Fang Long followed Luo Xin’s gaze, her heart inexplicably quickening. She cleared her throat: “Envy me for what?”
“Envy that you have family who make you willing to stay in this small town.”
Luo Xin tossed her cigarette butt to the ground, crushing it out with her shoe tip. “This place is so small, there isn’t even a bus that goes straight to the provincial capital — everyone wants to run off. They must treat you incredibly well, for you to want to stay. Like back when my grandma was still around — even though she always complained I was a burden dragging her down, back then I never once thought of leaving her, because I knew, in this whole world, she was the only one who truly, genuinely treated me well.”
Fang Long’s heart felt as if a heavy hook had tugged at it. Though she and Luo Xin had gotten along fairly well, they rarely touched on such heavy, personal topics. Fang Long looped her arm through Luo Xin’s, saying softly: “It’s all in the past now, everything will slowly get better.”
Someday, you’ll meet family again who truly, genuinely treat you well — family who make you willing to stay by their side.
A bus approached from a distance; Zhou Ya walked forward a couple of steps, and after confirming the license plate, turned back toward the two young women: “The bus is here.”
Fang Long stamped her feet: “Finally, my feet are numb from the cold…”
Zhou Ya said, unimpressed: “Who told you to wear so little? Not even a jacket.”
Fang Long said without thinking: “I brought one, it’s in my suitcase.”
Zhou Ya took off his leather jacket and pushed it into Fang Long’s hands: “Wear this.”
“Oh, no need, I really did bring one—” Fang Long, caught by Zhou Ya’s sharp glance, couldn’t keep up the lie, and clutched the jacket, still warm with his body heat, pouting as she muttered, “Then what about you? Won’t you be cold?”
Zhou Ya replied with a mock-cheerful face: “Mm, freezing.”
Fang Long nearly burst out laughing, going along with it: “Then you should hurry back.”
Zhou Ya ignored her, and once the bus stopped, he went to confirm the destination with the driver first, then helped load the two girls’ luggage into the compartment at the back of the bus. Andrew Town had only these two passengers; Luo Xin had already boarded, while Fang Long was still below.
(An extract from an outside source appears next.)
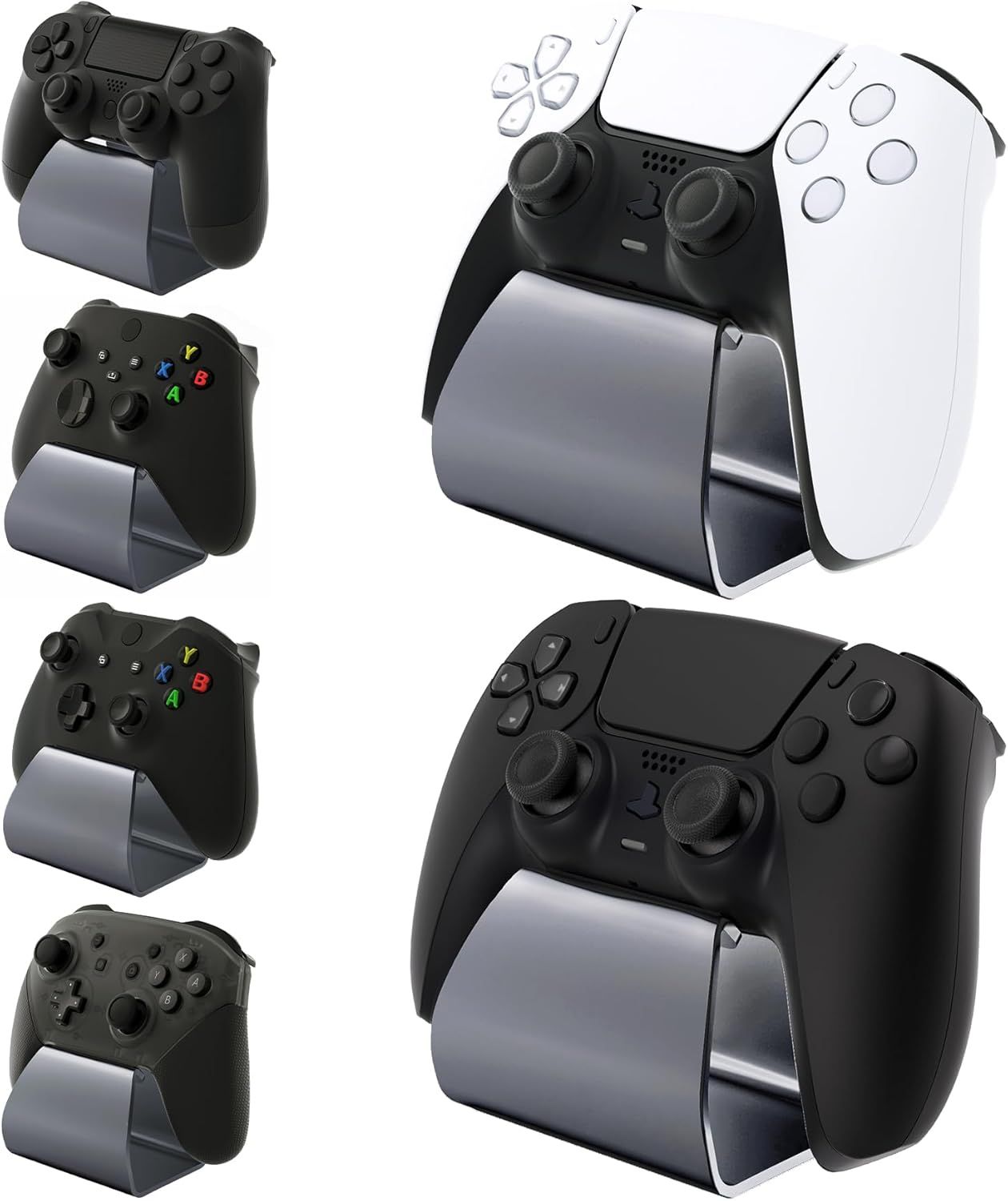 Support pour ps5,Porte Manette pour ps4 Socle pour Xbox Series/One X S,Stand-AL Controller Holder Métal pour Switch Pro avec Caoutchouc Antidérapant-Gris(2PCS)

The driver urged: “Little sister, hurry up and get on.”
“Wait! The luggage isn’t loaded yet!” Fang Long called out, hurrying anxiously to Zhou Ya’s side. “Hey, I’m off…”
“Mm, go on, call me once you get to Guangzhou.”
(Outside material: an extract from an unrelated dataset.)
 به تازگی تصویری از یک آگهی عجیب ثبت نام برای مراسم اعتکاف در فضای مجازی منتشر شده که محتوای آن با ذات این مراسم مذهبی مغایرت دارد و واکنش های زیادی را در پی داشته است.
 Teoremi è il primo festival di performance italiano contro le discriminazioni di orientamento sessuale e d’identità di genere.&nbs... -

The bus’s luggage compartment door was still open, hanging in mid-air, blocking the view of the passengers on board, including Luo Xin. Zhou Ya held the edge of the compartment door with one hand, bending slightly, and with the other hooked at Fang Long’s fingers: “Your hands are too cold. Put the jacket on once you’re up there.”
Fang Long suddenly had so much she wanted to say, but felt it was overly sentimental — it was just a short trip out, why make it feel like a life-and-death farewell? She turned her hand to grip Zhou Ya’s, and amid the rumbling engine noise, said quietly: “Zhou Ya, I’ll come back.”
Zhou Ya froze, at first about to tease her for suddenly being so reluctant to part — hadn’t she been happy as a child packing her bags just yesterday? But in the end, he only lowered his head and kissed her cheek: “Okay, I’ll wait for you to come back.”